ND   JMC : History of Medieval Philosophy / by Maurice De Wulf

349. The Personality of Bacon. -- Bacon attached great importance to the natural sciences, mathematics, perspective and optics, geography, astronomy, alchemy and the study of languages. He was remarkably well versed in the sciences -- better than any of his contemporaries. Not only did he make a powerful plea for the employment of the experimental method, but he was himself a skilled observer and experimenter. He surpassed the Arabians in some of his applications of geometry to physics; he constructed and improved optical instruments. Constantly and bitterly did he reproach his scholastic contemporaries with their negligent attitude towards scientific observation and research. Bacon was certainly remarkable as a scientist: it is his strongest title to renown.

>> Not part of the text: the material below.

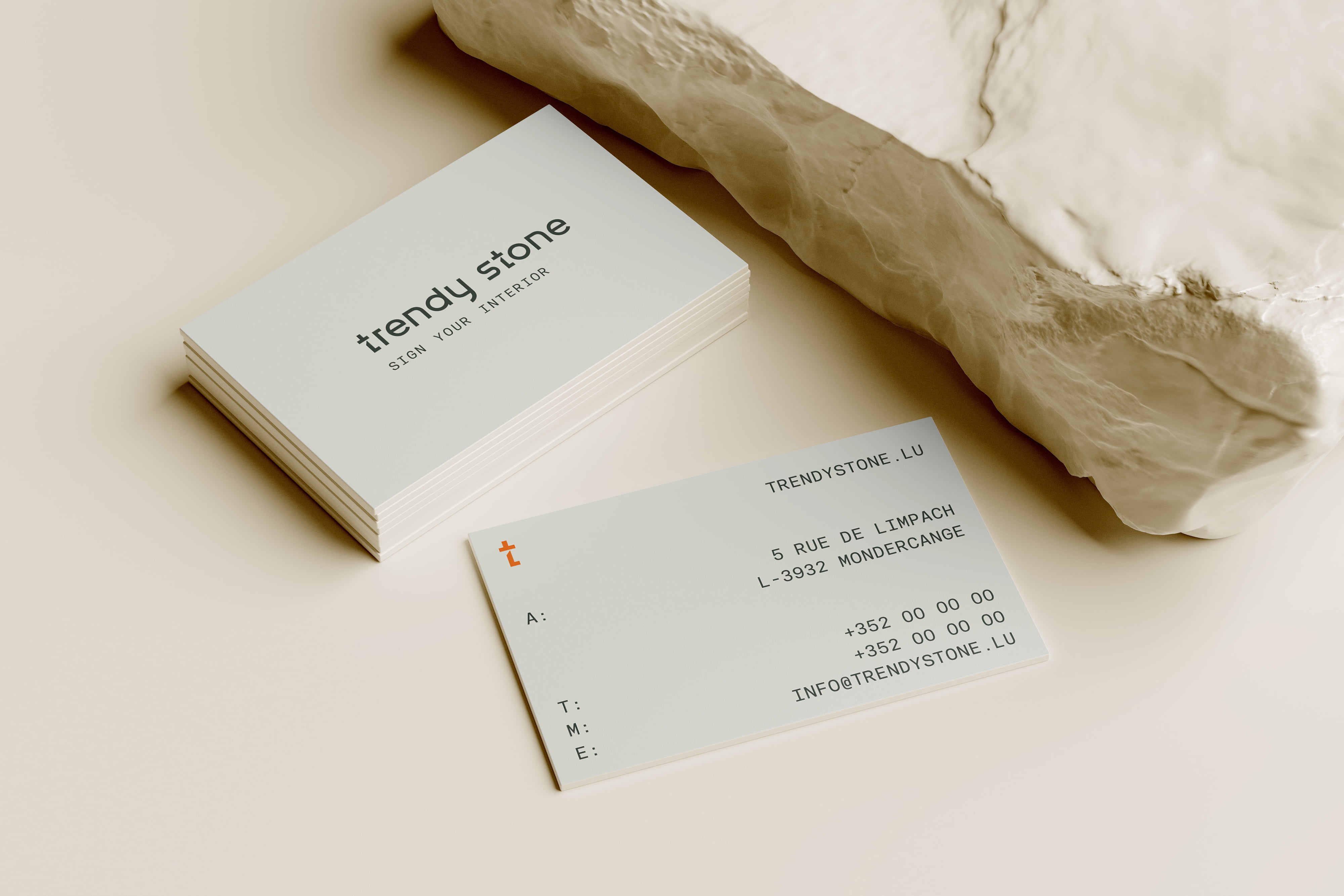 La charte graphique qui a été définie, reflétant les couleurs du secteur de l’activité de Trendy Stone, le sol de bâtiment à la fois brut et clair, a été déployée sur les cartes de visite et sur les annonces publicitaires.
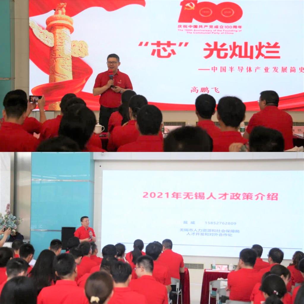 党委与华润微电子有限公司制造中心党委、无锡市人力资源市场党总支共同举办“政校企共建学党史 聚力共赢芯未来”献礼建党100周年学习教育活动。无锡市人力资源和社会保障局人才开发和对外合作处处长戴威、人力资源市场党总支副书记白江、副主任王振华,91直播

He was fully au courant with every phase of the intellectual movement of his time, and for this reason his works form a valuable source for the history of ideas in the thirteenth century -- a source that has yet to be used to full advantage. They call, however, for some caution: Bacon's judgments on men and events must be taken with careful reserve; they are inspired by a discontent which often betrays him into injustice. An enthusiastic admirer of Aristotle, he blames his contemporaries for often misrepresenting the Stagirite in their faulty Latin versions of the latter's works. Better for them to know nothing at all of Aristotle than know him in such detestable caricatures! "Si enim haberem potestatem super libros Aristotelis, ego facerem omnes cremari."{1} On the earliest Latin versions of Aristotle,{2} on the state of studies in the Franciscan order, on the teaching of theology,{3} on many of the well-known scholastics -- William of Auvergne,{4} Robert Grossetête (of whom he speaks repeatedly), Adam of Marisco, Alexander of Hales,{5} Albert the Great{6} and several others -- Bacon has left us much valuable information, mingled as it oftentimes is with palpable exaggerations. The history of the Grecian, Patristic and Arabian philosophies receives detailed and extensive treatment at his hands:{7} for a special reason to which we shall presently revert. Written in a lively and vigorous style, his works do not follow the pedagogical order that was customary in his time, but are freely developed according to the needs of the matters under treatment.

{1} Compendium Philosophiae, BREWER, p. 469.

{2} See, e.g., Opus Majus, iii., p. 66.

{3} The "seven sins of theology," according to the Opus Minus (p. 322 sqq.), are: the incursions of theologians into the domain of pure philosophy; their ignorance of the sciences; the undeserved ascendancy accorded to the two principal theologians, Alexander of Hales and Albert the Great ("de aliis nulla est vis"); the preference accorded to the Book of the Sentences over the Bible; the corruptness of the Vulgate text of the latter; errors in exegesis; the ignorance of the preachers.

{4} Opus Majus, iii., p. 47.

{5} Opus Minus, pp. 325-27.

{6} Opus Tertium, p. 30.

{7} The Opus Majus, i., pp. 45-54, contains an outline of the history of philosophy.